■ ACTION ITEM ■
Among the entries that follow, locate the line with "Upplev den perfekta" and the line with "설계한대로 유효성 검사". Output those lines and all lines in between, exactly, minus the pictures.

■ DATA EXCERPTS ■
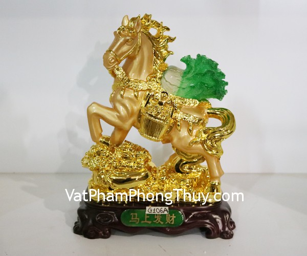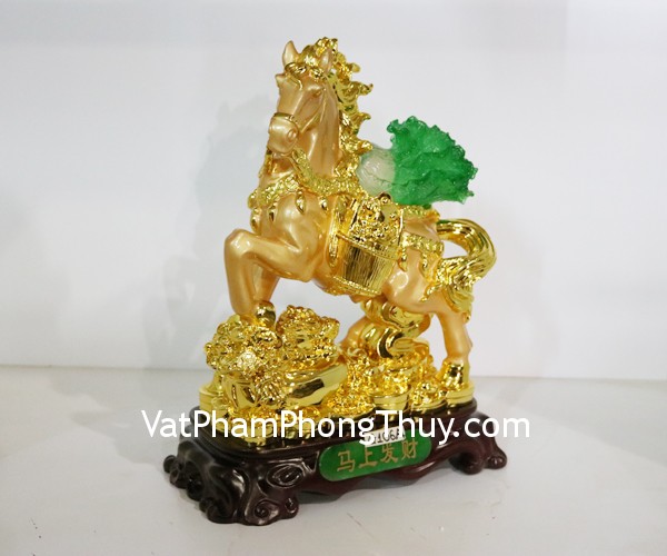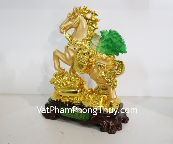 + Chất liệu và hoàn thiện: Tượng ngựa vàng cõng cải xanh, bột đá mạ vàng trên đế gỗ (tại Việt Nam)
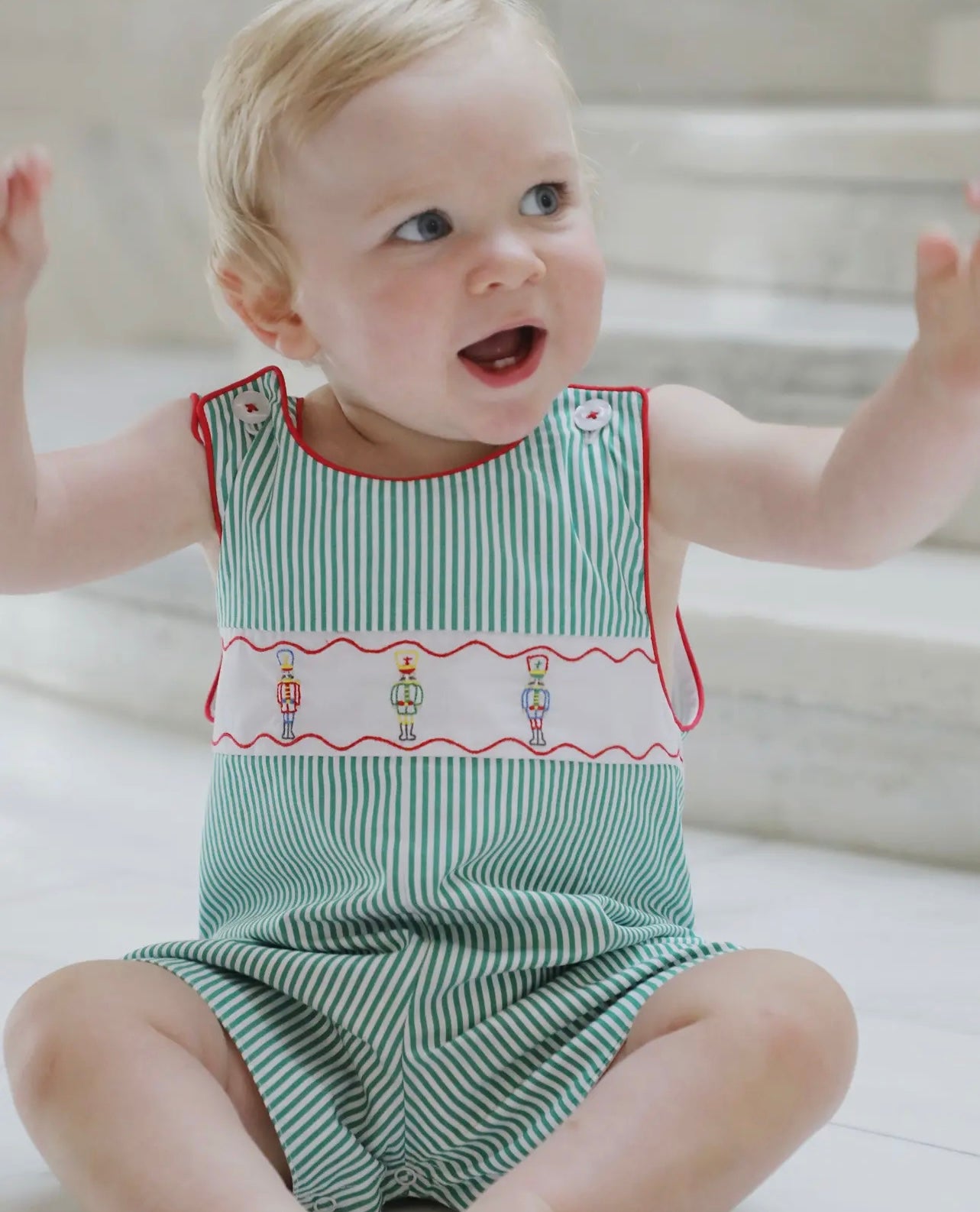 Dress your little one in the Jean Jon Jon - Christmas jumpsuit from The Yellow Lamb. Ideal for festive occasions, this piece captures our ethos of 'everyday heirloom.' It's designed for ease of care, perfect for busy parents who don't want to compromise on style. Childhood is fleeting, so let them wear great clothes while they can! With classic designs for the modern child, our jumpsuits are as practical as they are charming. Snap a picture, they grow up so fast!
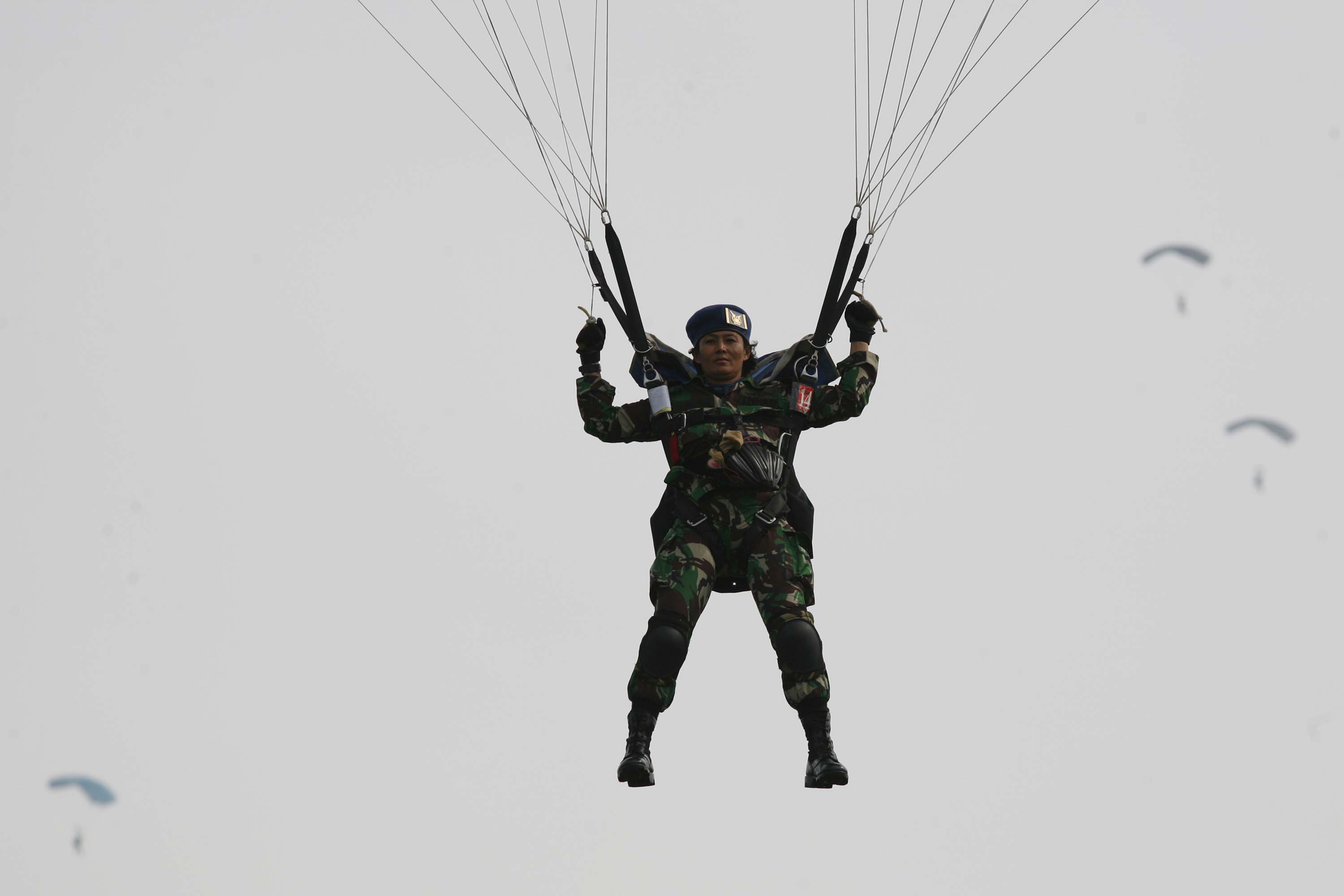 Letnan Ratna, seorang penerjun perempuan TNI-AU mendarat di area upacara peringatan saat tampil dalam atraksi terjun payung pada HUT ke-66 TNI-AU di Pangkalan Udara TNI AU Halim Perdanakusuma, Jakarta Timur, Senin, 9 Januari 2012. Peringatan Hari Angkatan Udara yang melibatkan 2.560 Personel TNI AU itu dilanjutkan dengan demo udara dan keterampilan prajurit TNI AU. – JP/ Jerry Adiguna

--

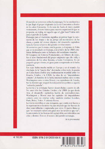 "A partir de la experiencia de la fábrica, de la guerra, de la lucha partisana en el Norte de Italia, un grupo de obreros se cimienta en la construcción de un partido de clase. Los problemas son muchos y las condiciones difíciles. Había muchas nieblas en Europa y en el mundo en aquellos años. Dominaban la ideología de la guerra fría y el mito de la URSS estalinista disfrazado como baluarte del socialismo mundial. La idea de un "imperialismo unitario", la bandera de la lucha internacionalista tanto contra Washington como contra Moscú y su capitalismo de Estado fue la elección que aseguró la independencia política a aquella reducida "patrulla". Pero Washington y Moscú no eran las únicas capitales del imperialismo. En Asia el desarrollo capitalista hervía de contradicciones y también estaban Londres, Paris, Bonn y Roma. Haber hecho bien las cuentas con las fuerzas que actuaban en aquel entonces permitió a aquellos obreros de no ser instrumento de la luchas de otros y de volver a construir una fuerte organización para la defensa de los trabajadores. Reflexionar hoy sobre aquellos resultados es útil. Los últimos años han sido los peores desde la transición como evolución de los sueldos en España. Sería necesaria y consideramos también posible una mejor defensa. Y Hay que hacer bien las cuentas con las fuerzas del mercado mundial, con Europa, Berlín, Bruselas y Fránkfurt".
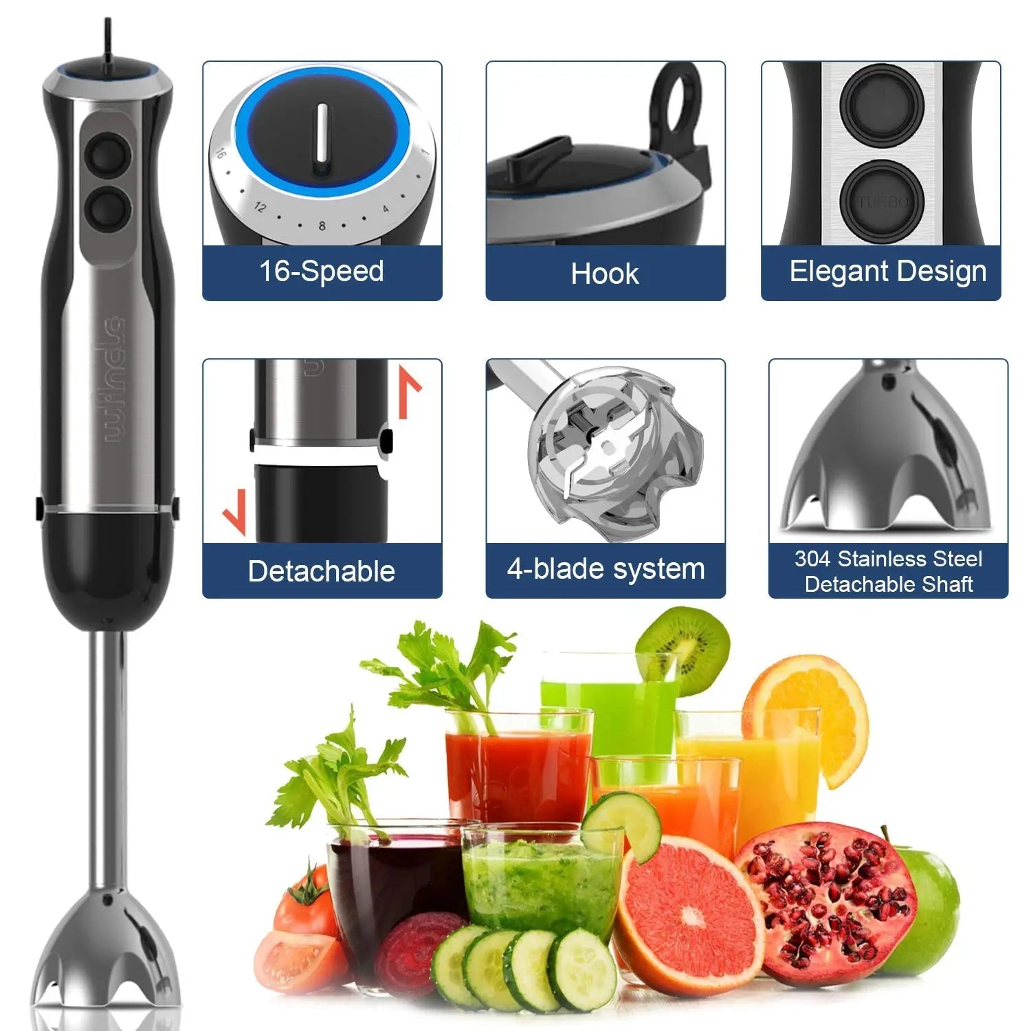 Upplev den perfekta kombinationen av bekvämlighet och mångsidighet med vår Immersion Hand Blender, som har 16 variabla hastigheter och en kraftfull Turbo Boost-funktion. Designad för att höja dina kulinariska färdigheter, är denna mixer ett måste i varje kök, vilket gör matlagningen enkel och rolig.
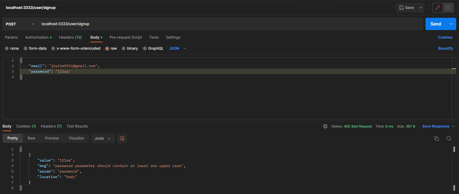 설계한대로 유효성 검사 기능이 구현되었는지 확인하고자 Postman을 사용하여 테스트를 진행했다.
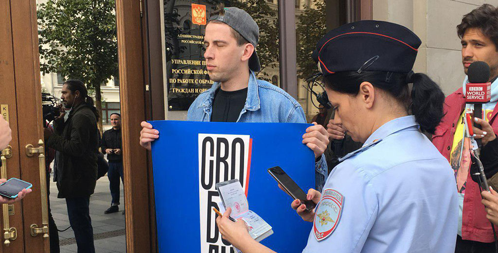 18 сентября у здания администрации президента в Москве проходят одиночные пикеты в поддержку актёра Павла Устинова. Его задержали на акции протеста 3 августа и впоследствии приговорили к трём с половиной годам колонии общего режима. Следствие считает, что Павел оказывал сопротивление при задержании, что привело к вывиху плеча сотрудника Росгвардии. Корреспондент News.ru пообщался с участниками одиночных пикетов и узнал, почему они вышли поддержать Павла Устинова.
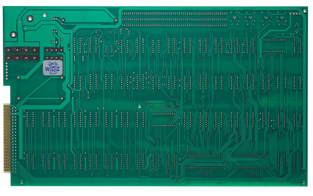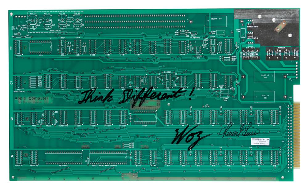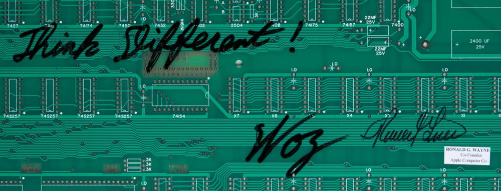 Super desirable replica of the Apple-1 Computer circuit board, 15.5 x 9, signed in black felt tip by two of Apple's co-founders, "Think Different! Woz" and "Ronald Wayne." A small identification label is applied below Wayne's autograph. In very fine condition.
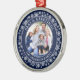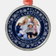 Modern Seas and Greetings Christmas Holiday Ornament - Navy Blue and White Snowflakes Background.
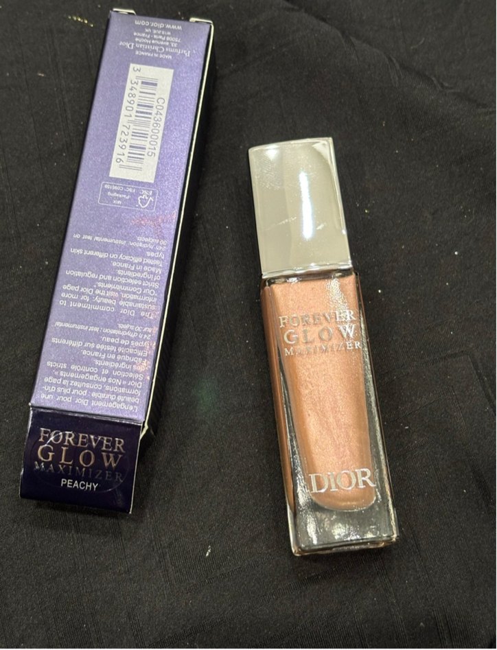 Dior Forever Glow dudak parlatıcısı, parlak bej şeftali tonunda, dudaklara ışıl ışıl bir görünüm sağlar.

■ OUTPUT OF THE EXERCISE ■
 Upplev den perfekta kombinationen av bekvämlighet och mångsidighet med vår Immersion Hand Blender, som har 16 variabla hastigheter och en kraftfull Turbo Boost-funktion. Designad för att höja dina kulinariska färdigheter, är denna mixer ett måste i varje kök, vilket gör matlagningen enkel och rolig.
 설계한대로 유효성 검사 기능이 구현되었는지 확인하고자 Postman을 사용하여 테스트를 진행했다.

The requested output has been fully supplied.